Calculation of a derivative of a function related to the Euler Gamma function

Question

Let $F$ be defined by $ F(x)=\frac{\Gamma(\frac{1 + x}2)}{\sqrt π\ \Gamma(1 + \frac x2)}. $ I believe that $F'(0)=-\ln 2$, but I do not have a proof. Is there an easy way to get that result?

Answer 1

Set $f(x) = \Gamma(\frac{1+x}{2})$, $g(x) = \sqrt{\pi}\Gamma(1+\frac{x}{2})$. We compute the derivatives of $f$ and $g$ to get $$f'(x) = \frac{1}{2}\int_0^\infty t^{\frac{x-1}{2}}e^{-t}\ln(t)\, dt \quad \mathrm{and} \quad g'(x) = \frac{\sqrt{\pi}}{2}\int_0^\infty t^{\frac{x}{2}}e^{-t}\ln(t)\, dt.$$ Now, by the quotient rule we have $$F'(0) = \frac{ \left[\frac{\sqrt{\pi} \, \Gamma(1)}{2}\int_0^\infty t^{-1/2}e^{-t}\ln(t)\, dt \right] - \left[ \frac{\sqrt{\pi}\, \Gamma(1/2)}{2}\int_0^\infty e^{-t}\ln(t)\, dt \right]}{\pi\, \Gamma(1)^2}.$$ Wolfram alpha evaluates the first integral as $-\sqrt{\pi}(\gamma + \ln(4))$, and the second integral is known to be $-\gamma$ (here, $\gamma$ is the Euler-Mascheroni constant). Hence $$ F'(0) = \frac{- \frac{\pi}{2}(\gamma + \ln(4)) + \frac{\pi}{2}\gamma}{\pi} = -\ln(4)/2 = -\ln(2).$$

Answer 2

Too long for a comment. I am grateful to Inbo Gottlieb-Fenves for the nice answer. I am now realizing that I should have said that $ F(x)=\frac2π\int_0^{π/2}(\cos \theta)^x d\theta, $ so that $$ \frac π2F'(0)=\int_0^{π/2}\ln(\cos \theta) d\theta=\int_0^{π/2}\ln(\sin \theta) d\theta=\int_0^{π/2}\ln(\sin 2\theta) d\theta, $$ and thus $ πF'(0)=\int_0^{π/2}\ln(\cos \theta \sin \theta) d\theta= \int_0^{π/2}\ln(\frac12\sin 2\theta) d\theta=-\fracπ2\ln 2+\fracπ2F'(0), $ implying $$ F'(0)=-\ln 2.\hskip55pt \square $$

Answer 3

The Taylor series of $F(x)$ could be a solution for even higher derivatives.

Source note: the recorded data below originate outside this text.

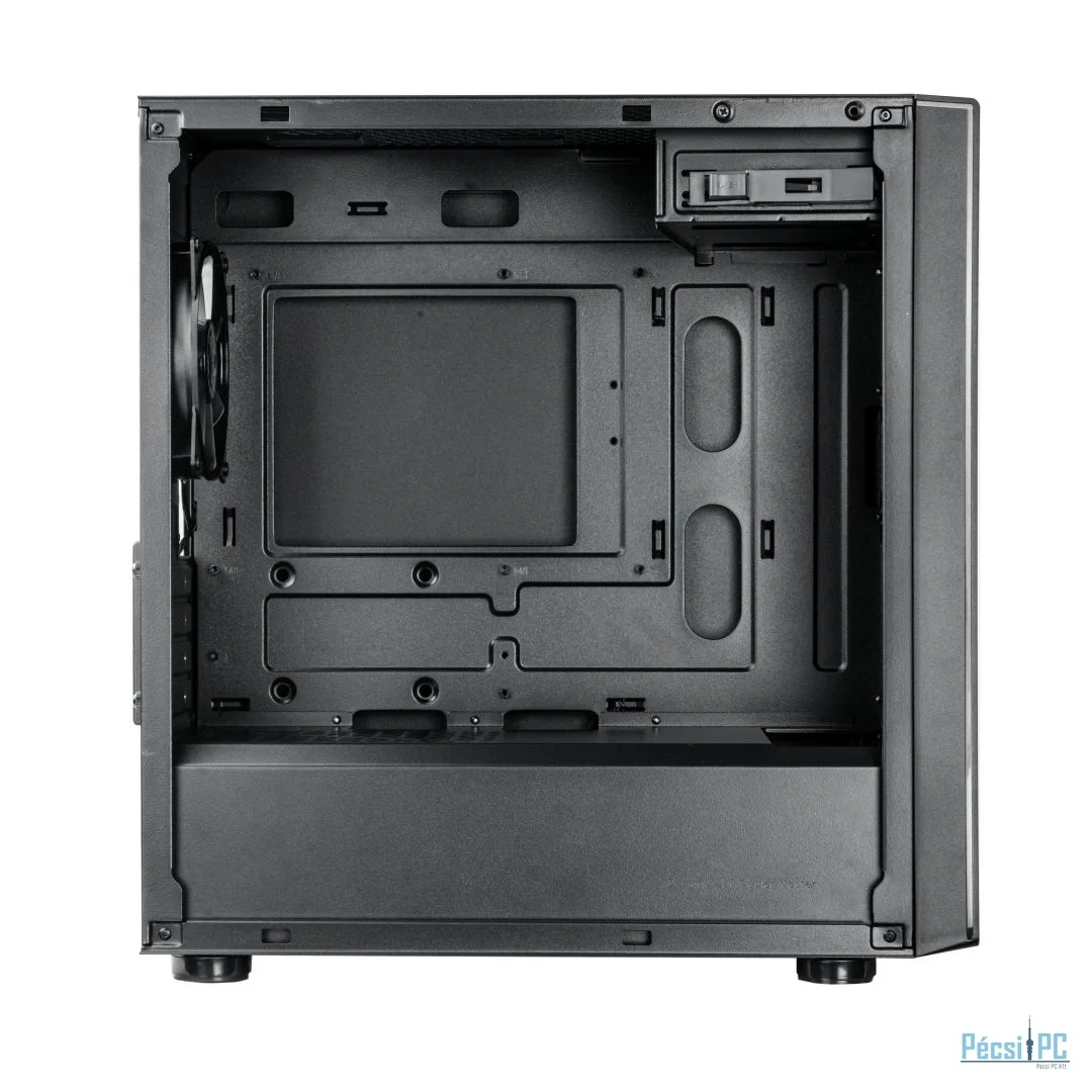 microATX, Black, 1x5,25", 2x3,5", 2x2,5", 2xUSB3.2, Audio, Táp nélkül, 413,5x203,5x425mm, Ventilátor:1x12cm, Tempered glass window
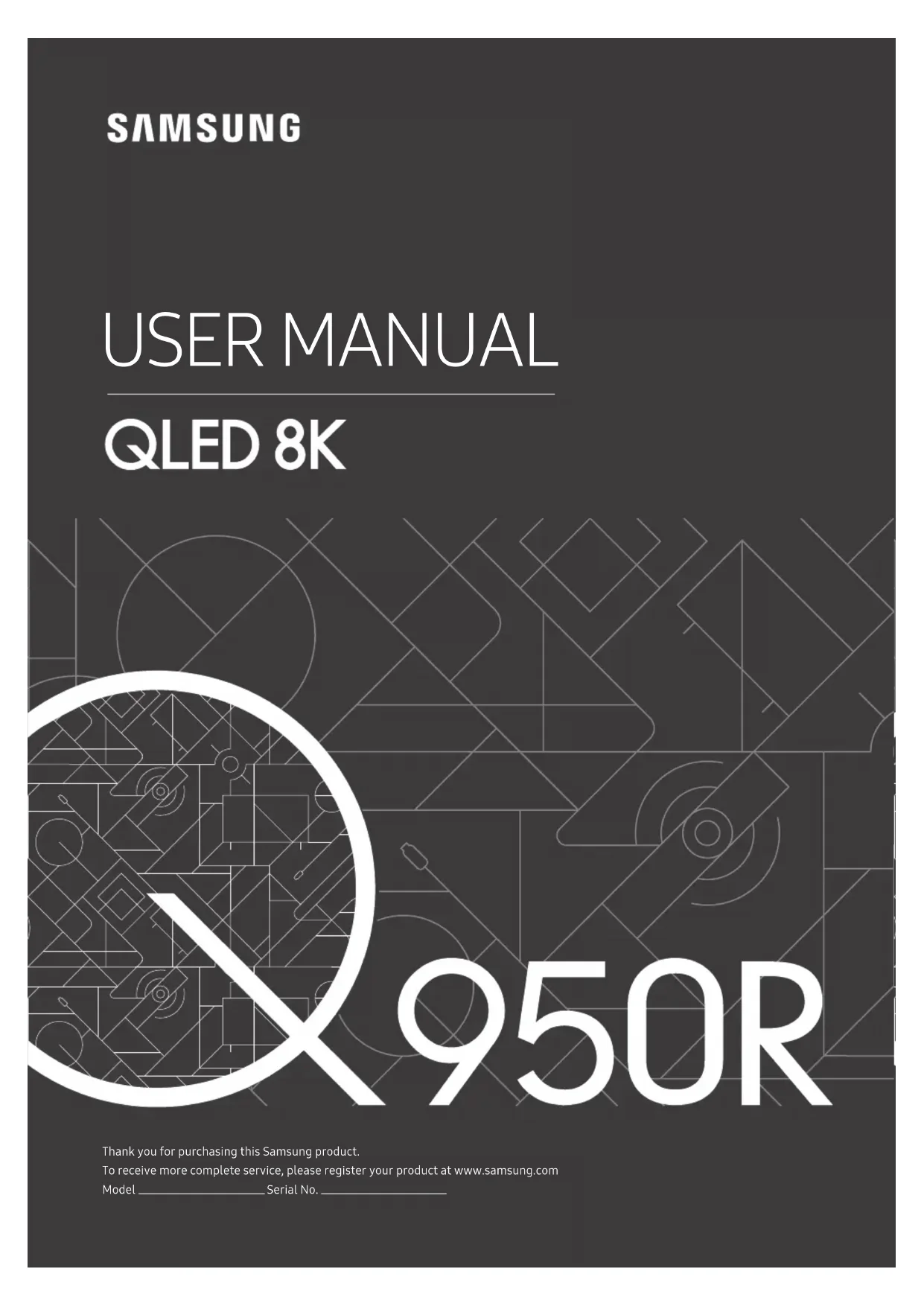 USER MANUAL Thank you for purchasing this Samsung product. To receive more complete service, please register your product at www.samsung.com Model Serial No.Before Reading This User Manual This TV comes with this user manual and an embedded e-Manual. Before reading this user manual, review the following: User Manual Read this provided user manual to see information about product safety, installation, accessories, initial configuration, and product specifications. e-Manual For more information about this TV, read the e-Manual embedded in the product.
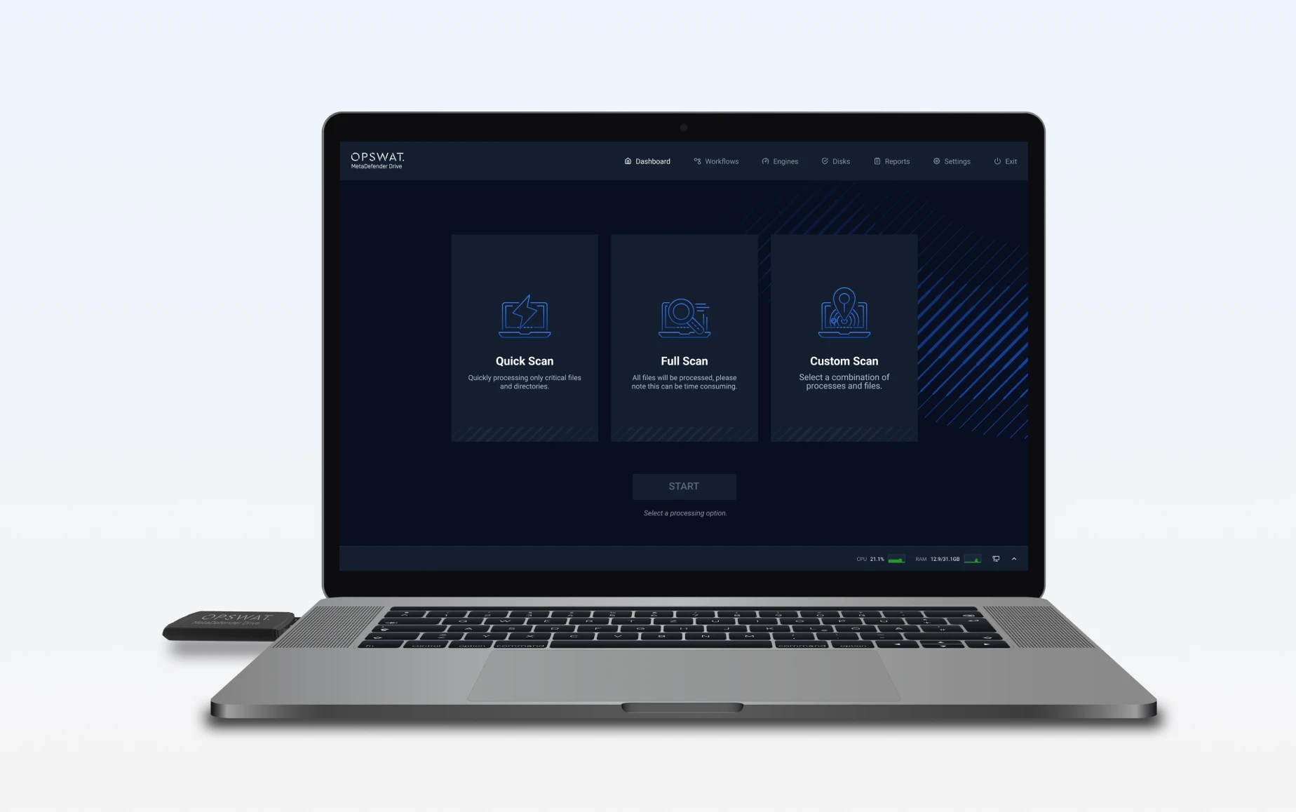 MetaDefender Drive with Smart Touch scans and ensures all hardware, from new servers to vendor laptops, is safe to use before entering your environment.
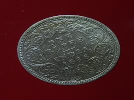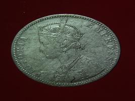 | Description / विवरण | The obverse shows the crowned bust of Victoria facing left, with the divided legend on either side along the edge. Milled rim, with dotted circle. Obverse legend Victoria Empress. Reverse, in centre, surrounded by floral border One rupee India 1886. Double circle with dots along the edge. |
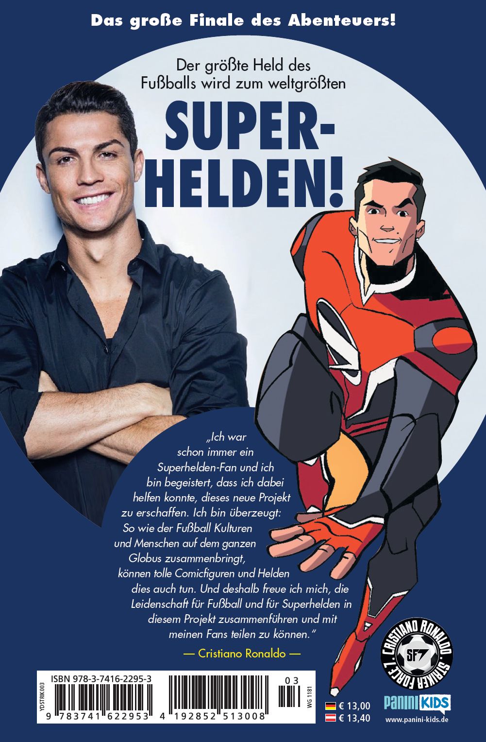 Das große Finale des Abenteuers!Der größte Held des Fußballs wird zum weltgrößten Superhelden!"Ich war schon immer ein Superhelden-Fan und ich bin begeistert, dass ich dabei helfen konnte, dieses neue Projekt zu erschaffen. Ich bin überzeugt: So wie der Fußball Kulturen und Menschen auf dem ganzen Globus zusammenbringt, können tolle Comicfiguren und Helden dies auch tun. Und deshalb freue ich mich, die Leidenschaft für Fußball und für Superhelden in diesem Projekt zusammenführen und mit meinen Fans teilen zu können."- Cristiano Ronaldo -
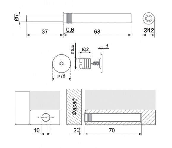 Магнитный толкатель Push-to-Open скрытого монтажа AMF15/GR Серый БОЯРД
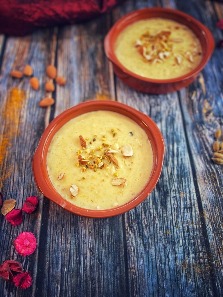 Het is gesuikerde volle melk, langzaam ingekookt tot een romige textuur, verrijkt met aromatische specerijen zoals kardemom en saffraan, en gegarneerd met gedroogd fruit.

Let $x=2t$ and use $$\log \big(\Gamma (a+t)\big)=\sum_{n=0}^\infty \frac{\psi ^{(n-1)}(a)}{n!}\,t^n$$ $$\log \left(\Gamma \left(\frac{1}{2}+t\right)\right)-\log \Big(\Gamma \left(1+t\right)\Big)=\sum_{n=0}^\infty \frac{\psi ^{(n-1)}\left(\frac{1}{2}\right)-\psi ^{(n-1)}(1)}{n!}\,t^n$$

If $$b_n=\frac{\psi ^{(n-1)}\left(\frac{1}{2}\right)-\psi ^{(n-1)}(1)}{n!}$$ the first of them are $$\left\{\frac{\log (\pi )}{2},-2\log (2),\frac{\pi ^2}{6},-2 \zeta (3),\frac{7 \pi ^4}{180},-6 \zeta (5),\frac{31 \pi ^6}{2835}\right\}$$ Now, continue with Taylor series using $$\frac 1 {\sqrt \pi}\,\frac{\Gamma \left(\frac{1}{2}+t\right)}{\Gamma (1+t)}=\frac 1 {\sqrt \pi}\,\exp\Bigg( \log \left(\Gamma \left(\frac{1}{2}+t\right)\right)-\log \Big(\Gamma \left(1+t\right)\Big)\Bigg)$$ to obtain $$1-2\log (2)\,t+\frac{1}{6} \left(\pi ^2+12 \log ^2(2)\right)\,t^2+\,\cdots$$

Replace $t$ by $\frac x2$ or use the chain rule.